The task
Write out the listing below exactly, and omit any images you find in it.

Data below
********

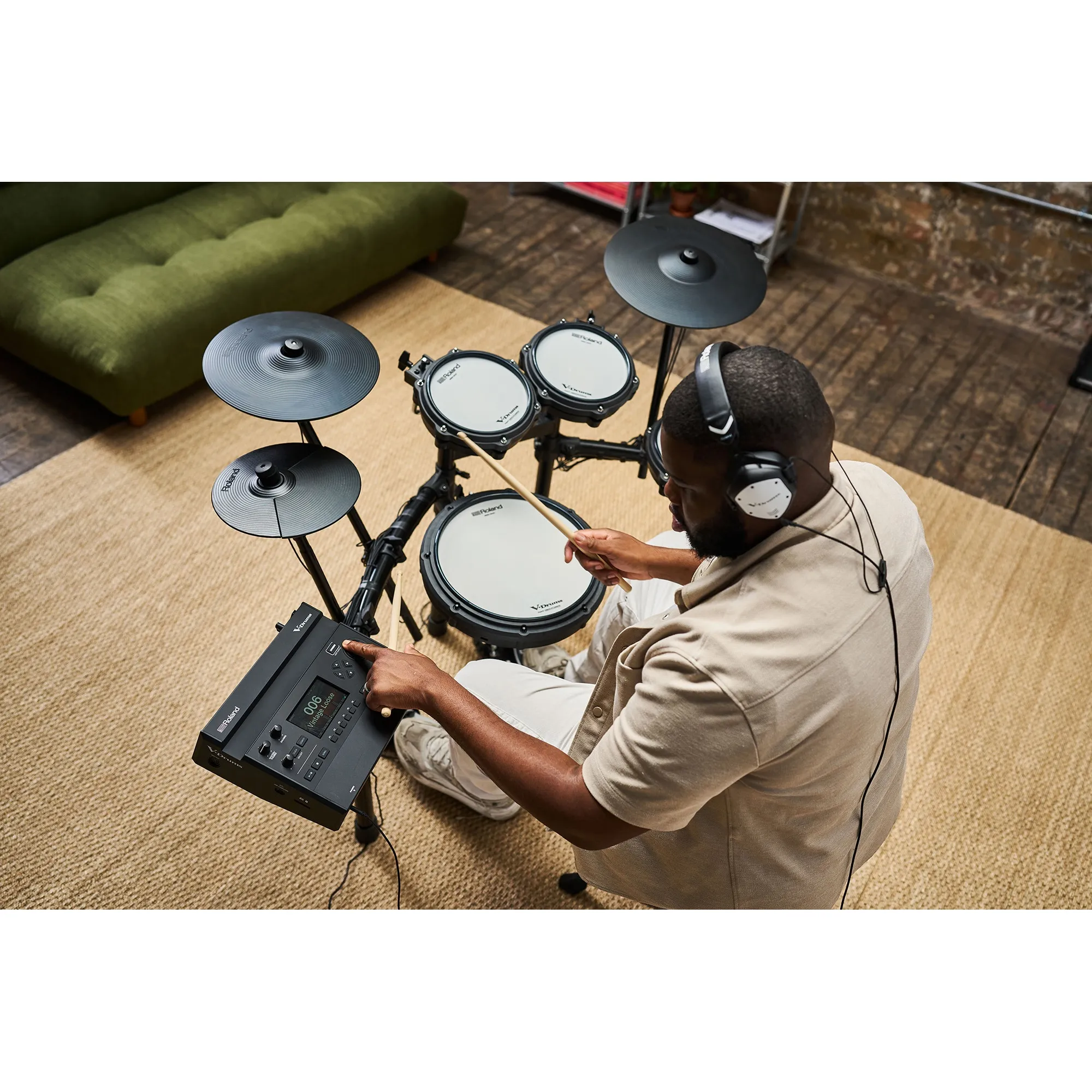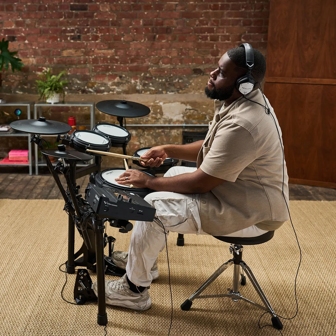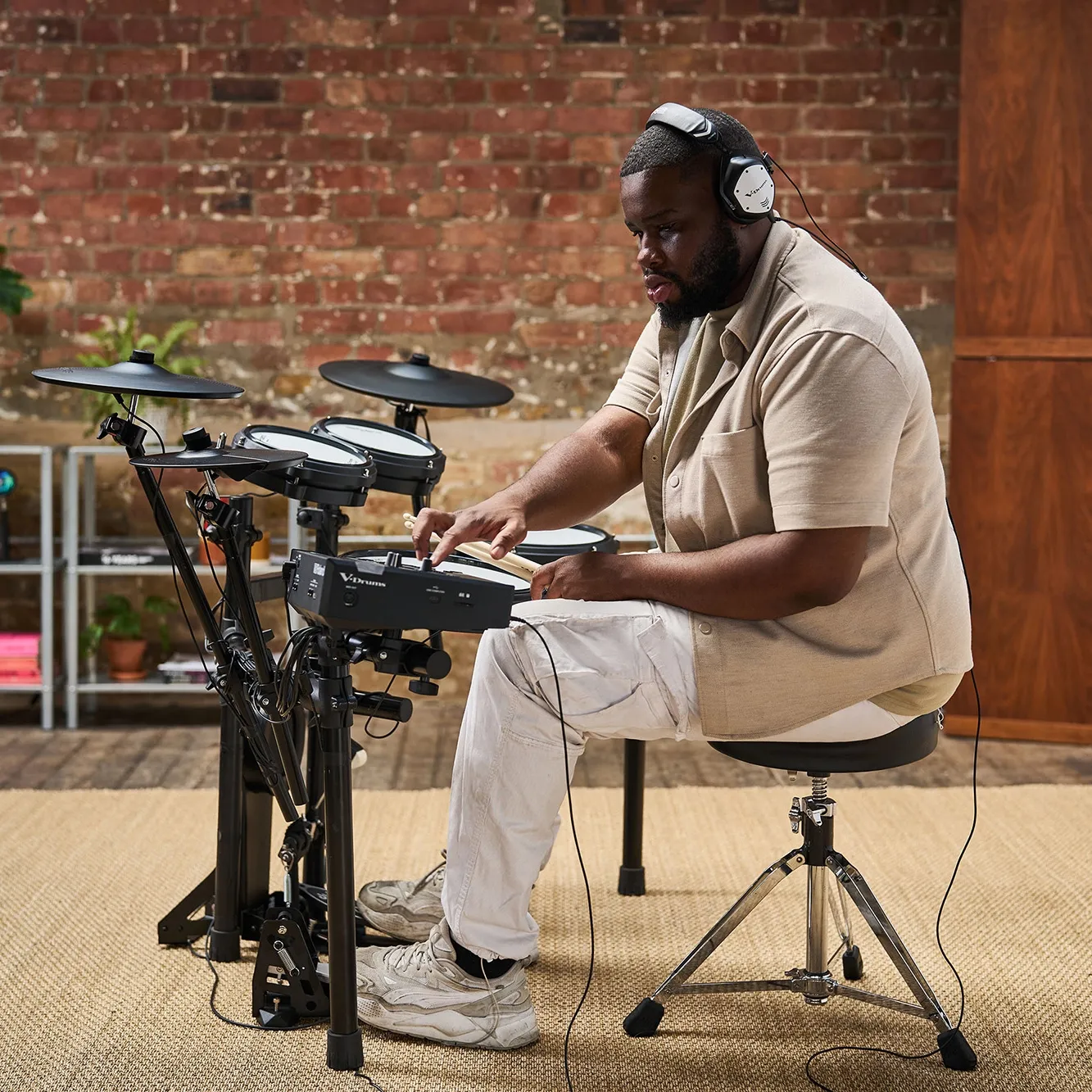 • Des V-Drums 3 compactes, idéales pour le travail quotidien et l'enregistrement à la maison
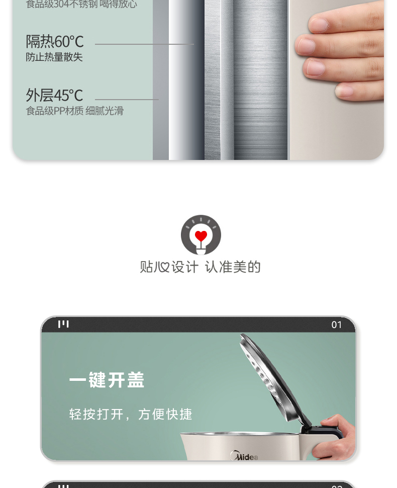 **双层隔热设计**:内外双层结构有效防止热量散失,即使在100℃高温下,外层温度仅45℃,触摸不烫手,安全可靠。
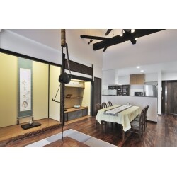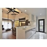 お二人暮らしとしては約50坪の平屋と大きく、ご希望だった家事室新設・洗濯機専用スペース・収納など生活の質を向上させられる自由な間取り設計が可能であった。 生活感ある部屋は専用スペースを作って隠し活かした空間造りを行った。また、使用頻度の高い勝手口からの、リビングや応接室はお互いが見えるよう開放的にしたゾーン分けにより、動線を見直し、各部屋への動線が短行った。使い勝手の向上と併せ、室内のデザイン性にもこだわり、くなるよう配置計画を広さを元々あった落ち付いた雰囲気の古民家風住宅となった。

********

Response to the exercise
 • Des V-Drums 3 compactes, idéales pour le travail quotidien et l'enregistrement à la maison
 **双层隔热设计**:内外双层结构有效防止热量散失,即使在100℃高温下,外层温度仅45℃,触摸不烫手,安全可靠。
 お二人暮らしとしては約50坪の平屋と大きく、ご希望だった家事室新設・洗濯機専用スペース・収納など生活の質を向上させられる自由な間取り設計が可能であった。 生活感ある部屋は専用スペースを作って隠し活かした空間造りを行った。また、使用頻度の高い勝手口からの、リビングや応接室はお互いが見えるよう開放的にしたゾーン分けにより、動線を見直し、各部屋への動線が短行った。使い勝手の向上と併せ、室内のデザイン性にもこだわり、くなるよう配置計画を広さを元々あった落ち付いた雰囲気の古民家風住宅となった。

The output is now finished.